What's happened when language like this is used is that the Bible is being squeezed into the mould of human logic and philosophy. It satisfies the contributors to that podcast and I'm truly glad it helped them. But I want to say that it's not, actually, intellectually satisfying, and you are not obliged to believe it.  

And what about that charge that God is not really sovereign if he doesn't plan everything? Think of it like this:

Suppose I have a cat, and it's sitting in the middle of the sofa where I want to sit.

I can move it to the right, and I've exercised my sovereignty over the cat.

I can move it to the left, and I've exercised my sovereignty over the cat.

I can tell it to move, and I've exercised my sovereignty – whether it does or not.

Or I can sit somewhere else, and I've still exercised my sovereignty by leaving it entirely up to the cat whether it chooses to move or not.

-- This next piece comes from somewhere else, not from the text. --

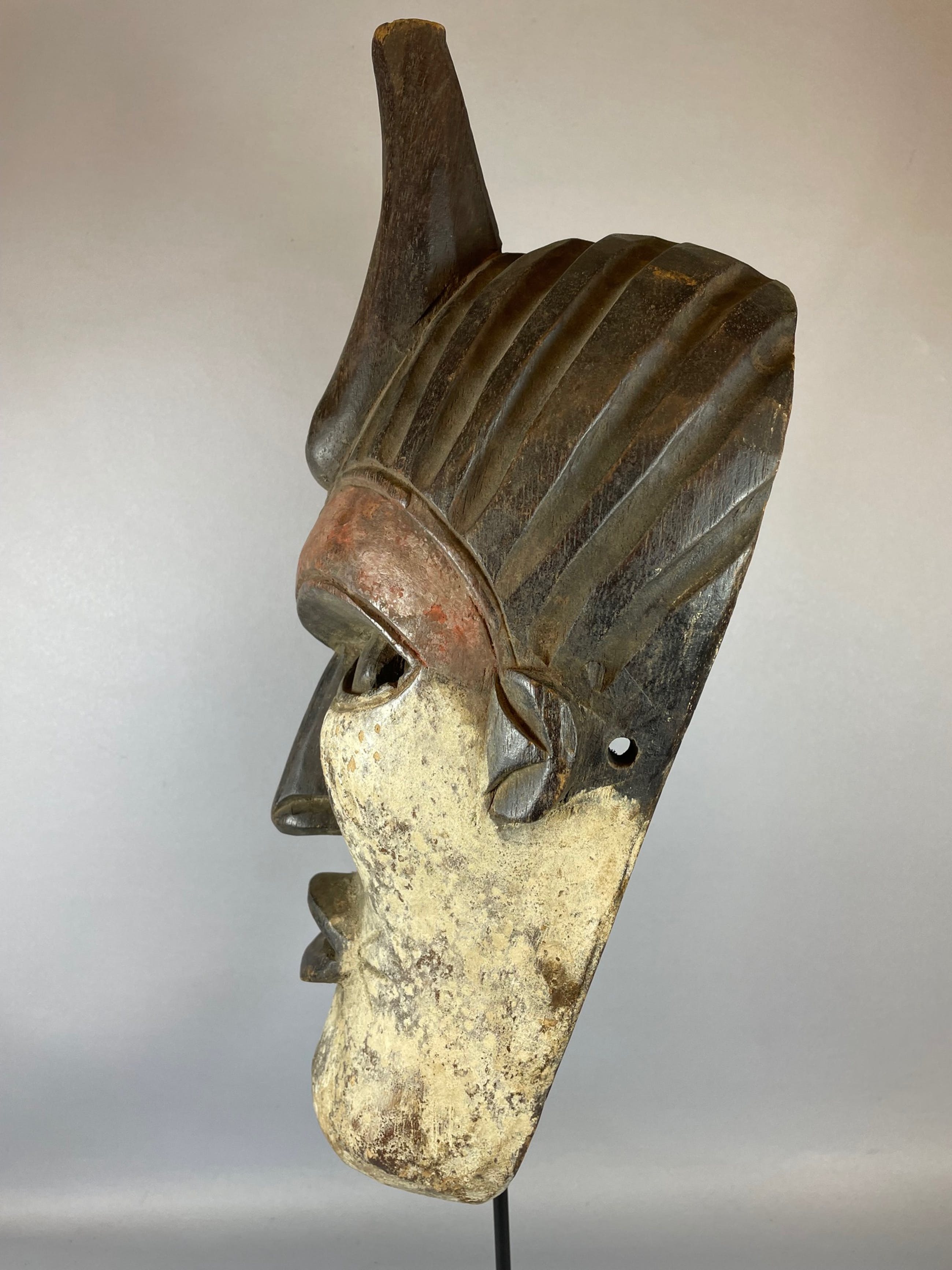 Over two million Ibibio live in Nigeria, between the Delta and the Cross River. There are western Anang Ibibio and southern Eket Ibibio. The main economic staple in the region is the palm tree, the oil of which is extracted and sold to external markets. The Ibibio traditionally cultivate yams, plantains and maize. Ekpo is the Ibibio word for “ancestor,” as well as the name of the principal masking society, its masks, and the dances that commemorate the deceased. The members of the ekpo society play a political, legislative, judiciary, and religious role in the village. It is a graded association in charge of the ancestor cult and includes two types of masks: the first, the idiok, is ugly and evokes wandering spirits, as compared to the mfon, which is handsome and represents spirits who have reached paradise. White- and yellow-faced masks, mfon come out during daytime burial festivities honoring the recent dead, and also at annual agricultural festivals. Their dances are slow and graceful, with costumes made of many bright-colored cloths. Considered good and beautiful, mfon masks embody the souls of people whose lives on earth were productive and morally unblemished. These are not named ancestors, but rather the collective community of souls whose positive influence is welcome among the living. During the ceremony, young people personify the spirits, who have momentarily returned to the world of living. The idiok black masks, are often of naturalistic appearance and with movable jaws. They represent corrupt, amoral, ugly, and evil souls sentenced at death to perpetual ghosthood. They appear only at night, well after the pretty masks have retired. Costumed in unruly hanks of black-dyed raffia, they dance erratically, at times with deliberately wild movements to inspire terror in those they encounter. Many dark Ibibio masks have distorted facial features that are interpreted as advanced states of disfiguring tropical diseases.

If it moves to its bowl, I'll give it water. If it meeows at the door, I'll let it out. If it claws at the furniture I'll yell and throw a newspaper at it. It can come and sit on my knee, and I'll stroke it.

How is my sovereignty impaired? It isn't. The cat has free will. We are in a loving relationship – at least, I tell myself it's loving on the cat's side too, but hey, it's a cat.

And that is a truer picture of our relationship with God than the image of him as a puppet-master, jerking the strings of humanity to produce a particular election result while he leaves us the illusion of free will. Freedom, as I said in that much denounced earlier post, is freedom – and we have to deal with it.